Martin is sitting at one of the corner tables when Richard arrives, a plastic tub of edamame beans in front of him.

‘Martin,’ Richard says, putting out his hand to shake. Martin is wearing a pale grey suit with a pink pocket square. His spectacles aretortoiseshell and both these and the pocket square belong to the class of accessory Richard categorises as ‘arty’.

‘Thank you for meeting me,’ Martin says, sitting back down on a wooden stool that has been clamped with bolts to the floor. There’s a brown folder next to the edamame beans on the table in front of him. Richard’s heart sinks. He knows one of the green-ink brigade when he sees them. Terri usually does a good job of filtering them out – those ranting letters written in fountain pen decrying the lack of village centre parking spaces or the difficulties of getting a doctor’s appointment.
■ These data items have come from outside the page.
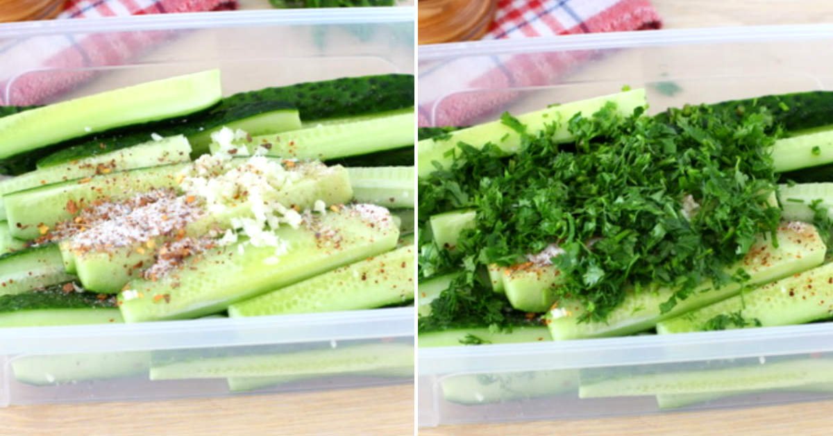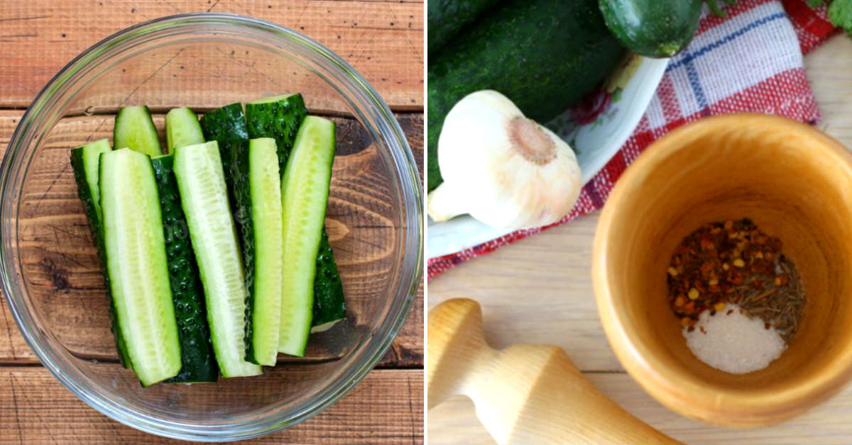1. Potrzebny będzie pojemnik z pokrywką. W grube plastry pokrój wszystkie umyte ogórki, następnie włóż je do przygotowanego pojemnika. W moździerzu połącz ze sobą kminek, cukier oraz paprykę ostrą.
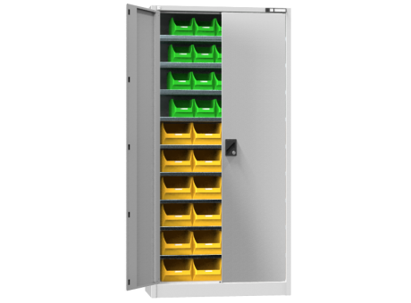 Ausgeklügelte stabile Bauart aus Stahlblech, hochwertige Lackierung und Werkstattverarbeitung unter Anwendung von modernen Automatisierungssystemen. Das ist das nächste Produkt aus der Familie der Werkstattmöbel Die Werkstattschränke sind für anspruchsvolle Bedingungen, nicht nur in Maschinenbaubetrieben, entworfen. Unsere Schränke helfen Ihnen mit der Ordnung, Übersicht und Aufbewahrung Ihres Materials. Schränke der UK-Serie mit Flügeltüren und einem größeren Öffnungswinkel als 90° stellen eine leichtere Form der Werkstattschränke dar. Sie werden vor allem für die Aufbewahrung von leichterem Material mit kleineren Abmessungen, bzw. als Aufbewahrungsort für Kunststoffboxen für Kleinteile benutzt. Bei den Varianten mit Glastüren wird gehärtetes Sicherheitsglas verwendet. Die Schränke sind mit einem Schloss mit einem Zweipunktschließsystem mit geräuschlosem Gang versehen. Die Fachböden sind verstellbar.
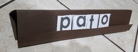 La tira de palabras se elabora con una hoja de construcción, se dobla una pestaña a lo largo de 2cm, luego doblar la hoja en 3 para formar la tira. Puedes guiarte por la imagen. Puedes utilizar la que elaboraste con la letra T.
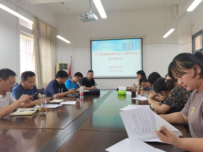2023年8月10日下午,學前教育專業(yè)在院會議室召開“2023級學前教育專業(yè)人才培養(yǎng)方案修訂研討會”,會議由教育系主任、學前教育專業(yè)負責人甘超主持,實驗中心主任以及學前教育全體教師參加。教師教育學院副院長蔡廣、鄭艷列席會議。
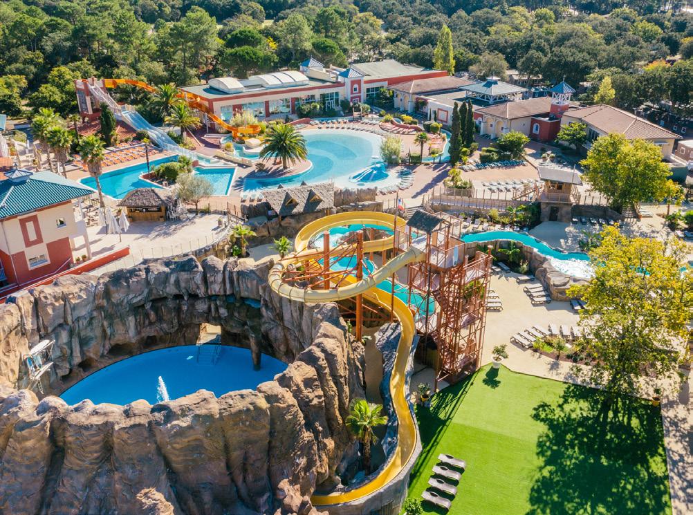 The extensive pool complex is remarkable, featuring several pools, a wild water river, toboggans, slides and a spectacular 'volcano'. In a sunny setting, all are surrounded by ample sunbathing terraces and overlooked by the excellent bar/ restaurant. An 800-seat amphitheatre hosts entertainment. Visit the local resorts of Capbreton and Hossegor, which have a marina and fishing port, museums and beaches, plenty of surf culture, and fantastic seafood.

‘Not at all, not at all,’ Richard says. ‘I’ll – uh – get some food.’

‘Please.’ Martin gestures towards the open fridge containing trays of pearlescent sashimi. Richard picks a shredded duck salad that the display informs him contains 756 calories. There is a baffling automated touchscreen that Richard bumbles his way through to pay £7.99 by tapping his phone against a plastic square. He misses the days of cash. You knew where you were with the comforting heft of pound coins.
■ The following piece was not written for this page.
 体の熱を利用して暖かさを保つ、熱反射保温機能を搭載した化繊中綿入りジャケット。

‘What an interesting jacket,’ Martin says when Richard returns to the table.

‘Oh, yes. Thanks.’

He’s recently employed a personal stylist called Cody. Cody says Richard’s neckline is suited to a Nehru collar. He has, up until this point, agreed with her but now he worries his three-quarter-length linen number, purchased at considerable expense from a high-end department store might look a bit silly.

‘It’s an Indian designer,’ Richard says, unwrapping his chopsticks. ‘Well, sorry, British-Indian, I should say. His parents came over in the seventies. Immigrants. Hardworking, decent people. British born and bred. The designer, I mean, not the parents. They came over from … uh … somewhere. Not that there’s anything wrong with that. With coming over, I mean.’

‘I never said there was.’

‘No, no, of course you didn’t.’ Richard spears a clump of noodles with his chopsticks. ‘Christ, you have to be so careful with what you say these days, don’t you? Hahahahaha.’

Martin Gilmour makes him nervous. Perhaps it’s his coolly assessing stare or the fact that his reactions seem delayed. Perhaps it’s what Ben and Jarvis have intimated about his murky past and his sexual inclinations. Perhaps it’s the facial twitches Richard has noticed – every so often, a slight but noticeable judder of the jaw, like a cat ridding itself of fleas. Or perhaps it’s simply that Richard can’t get a grip on what Martin might be thinking at any given time. His emotions don’t show on his face like normal people’s.

‘Anyway, the jacket pays tribute to his heritage – hence, you know, the collar,’ Richard concludes, feebly.

‘Mm. I suppose one could say that wearing it is a form of cultural appropriation,’ Martin says.

A piece of duck becomes lodged in Richard’s throat.